GenAI: Apple Intelligence combines GenAI with a user's personal context (like their calendar, contacts, and usage patterns). Users report inaccuracies in the leading feature - notification summaries. News summaries are known to generate misinformation.

Why is Apple Failing at AI?

Apple is limited by its ecosystem, while Google and Amazon have built ecosystems that touch various aspects of everyday life.

AI cannot be perfected in a closed ecosystem, which is what Apple has built its reputation on. AI systems require vast amounts of data, public testing, and continuous version launches. 

Perhaps the most limiting factor is that Apple takes its commitment to user privacy very seriously. This has hindered AI development by limiting the amount of data it can use for training AI models.

Apple’s AI features have been hugely delayed, as the company has a culture of perfecting user experience before launching something.

The iPhone maker dedicates less than 10% of its revenue to R&D. The funds are spread over developing new hardware, operating system upgrades and services. 

Share Price Performance 

AI stocks drove the stock market momentum in the first half of 2025. Nvidia’s market cap peaked at over $4 trillion on July 14 as companies raised their AI spend.
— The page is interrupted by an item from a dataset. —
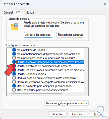 Vamos un poco mas abajo para ubicar la línea "Ocultar archivos protegidos del sistema operativo":

From January to July 2025, shares of the top tech firms: 

  • Apple: down almost 14% 
  • Amazon: up 1.35% 
  • Microsoft: up almost 22%
  • Meta Platforms: 17.30%
  • Google-parent Alphabet: down 3%

Investors and Apple leadership alike seem to be evaluating whether the company’s conservative AI approach would be a strategic advantage or lead to market share losses.

A 3D bar chart titled "Percentage of Revenue to R&D" compares the research and development spending (as a percentage of revenue) for four major tech companies. Meta leads with 25%, followed by Microsoft at 13%, Alphabet (Google) at 12%, and Apple at the lowest with 8%. Each company is represented with its logo and corresponding bar height. The graphic is branded with the "Acuity" logo at the bottom. The background includes faint visuals of U.S. currency and digital circuitry, implying tech and financial themes.

What to Watch

  • Acquisition of AI startups by Apple 
  • Change in leadership 
  • AI-related regulations 
  • US-China rivalry (remember the DeepSeek market shock?) 

While the battle of titans does take centre-stage, tier-2 AI companies are making big moves. These include companies spanning different industries, like Intuitive Surgical (biotechnology), Verint Systems (workplace management), C3.ai (corporate predictive analysis), Innodata (Insurance, healthcare), and SoundHound AI (voice AI).